AWS-commissioned Study on Welding and Exposure to Manganese
Does Scientific and Medical Literature Support Concerns That Some Have Expressed About Exposure to Manganese in Welding Fume?
In July 2004, the AWS Safety and Health Committee engaged an outside independent expert, Woodhall Stopford MD, MSPH, of the Duke University Division of Occupational and Environmental Medicine, to review the literature of published articles related to the neurotoxicology of manganese, particularly including manganese found in welding fume. The Committee's intention was to obtain an objective appraisal of the relevant literature by an authoritative expert, and to receive a written report that would reflect the expert's own views independent of those of AWS, the Safety and Health Committee, any Committee member, or any organization or person with a direct interest in welding matters. The Committee's plan from the outset was that it would promptly make Dr. Stopford's report part of the public record whatever its conclusions, and regardless of whether the Committee, or any Committee member, would or would not ultimately agree with all of the conclusions or with any of Dr. Stopford's specific findings or stated views. Dr. Stopford has now completed his report which finds:
– Parkinson's Disease and manganism are separate and distinct illnesses.
– Published research shows that exposures associated with manganism have occurred primarily in nonwelding occupations such as the mining and manganese alloy fabrication industries.
– Studies have not supported that welders have a higher incidence of Parkinson's Disease compared to the general public or that welding is a risk factor for Parkinson's Disease.
– Studies have not supported that welders have a higher incidence of an earlier onset of Parkinson's Disease compared to the general public.
– Studies of Parkinson's Disease patients have not supported a relationship between welding and Parkinson's Disease.
AWS and the members of its Safety and Health Committee have commissioned and will continue to commission research by independent outside experts to promote welding safety and health. For example:
– Since 1998, the Safety and Health Committee has sponsored research by the Harvard School of Public Health studying factors influencing the transport of manganese in animals. The result of the first study showed that the amount of iron in the lungs affects the rate of transport of manganese from the lungs to the blood. In the iron exposed animals, the movement of manganese from the lungs to the brain was reduced. This is significant because when welders are exposed to manganese in welding, iron is also present. The implication is that less manganese is transported from the blood to the lung when the manganese is complexed with iron, as it is in welding fume, as compared to the transport of manganese without the presence of iron, as occurs in nonwelding occupations such as mining and smelting operations.

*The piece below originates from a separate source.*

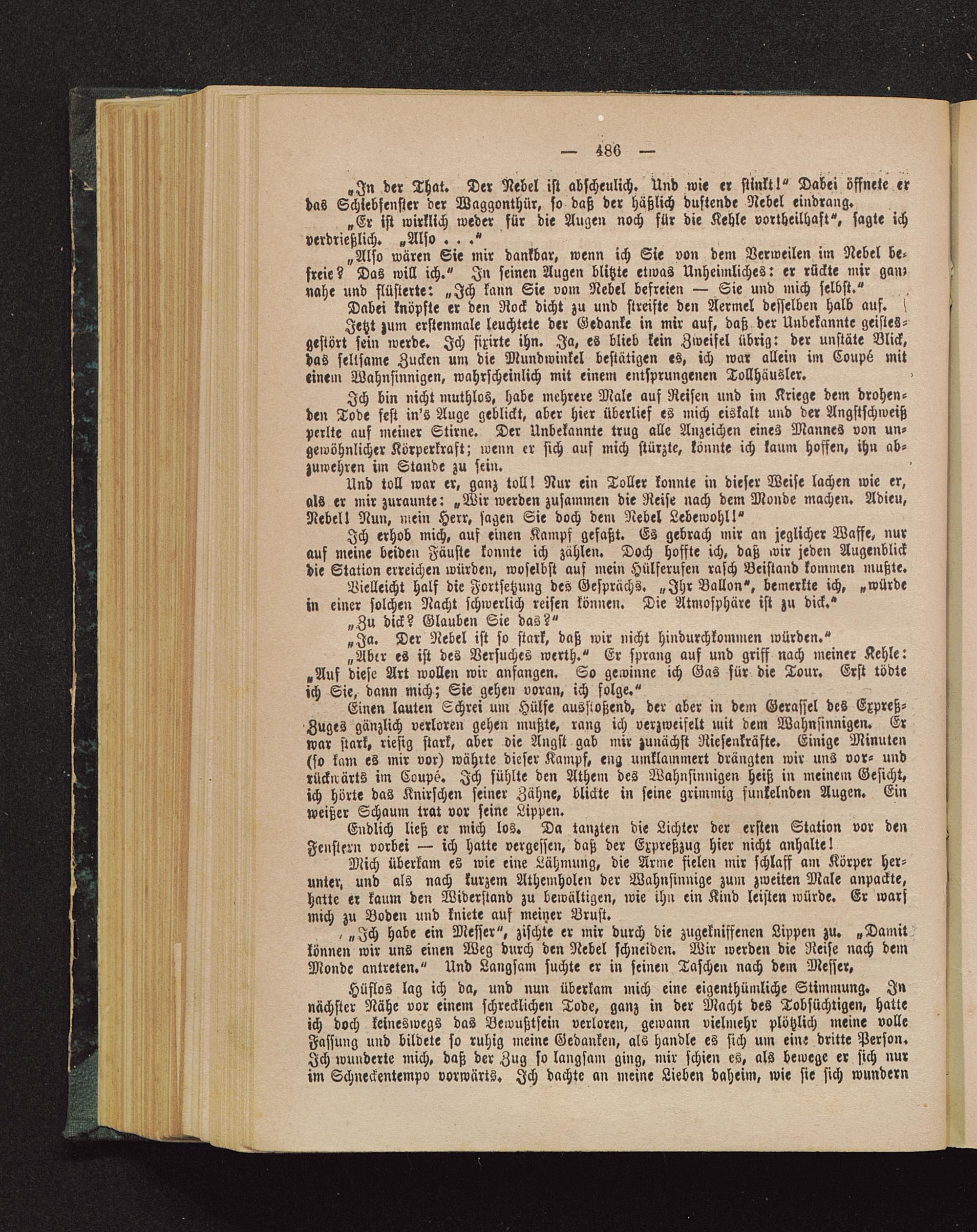 Jetzt zum erstenmale leuchtete der Gedanke in mir auf, daß der Unbekannte geistes-gestört sein werde. Ich fixirte ihn. Ja, es blieb kein Zweifel übrig: der unstäte Blick,das seltsame Zucken um die Mundwinkel bestätigen es, ich war allein im Coupä miteine»» Wahnsinnigen, wahrscheinlich mit einem entsprungenen Tollhäusler.

– Research for the 13th volume of the AWS series, Effects of Welding on Health, is currently underway. The series, administered for more than a quarter century by the AWS Safety and Health Committee, is an ongoing, comprehensive review of the worldwide medical literature related to welding and health. The 1st volume, published in 1979, reviewed the worldwide medical literature published between 1940 and 1977. Subsequent volumes have covered periods of 2 to 3 years, with volume 13 covering the years 2000 through 2002.
– Other important safety and health related research publications sponsored by AWS include: The Welding Environment (1973), Fumes and Gases in the Welding Environment (1979), Characterization of Arc Welding Fume (1983), and Toxicity of Welding Fume in Rats (1985).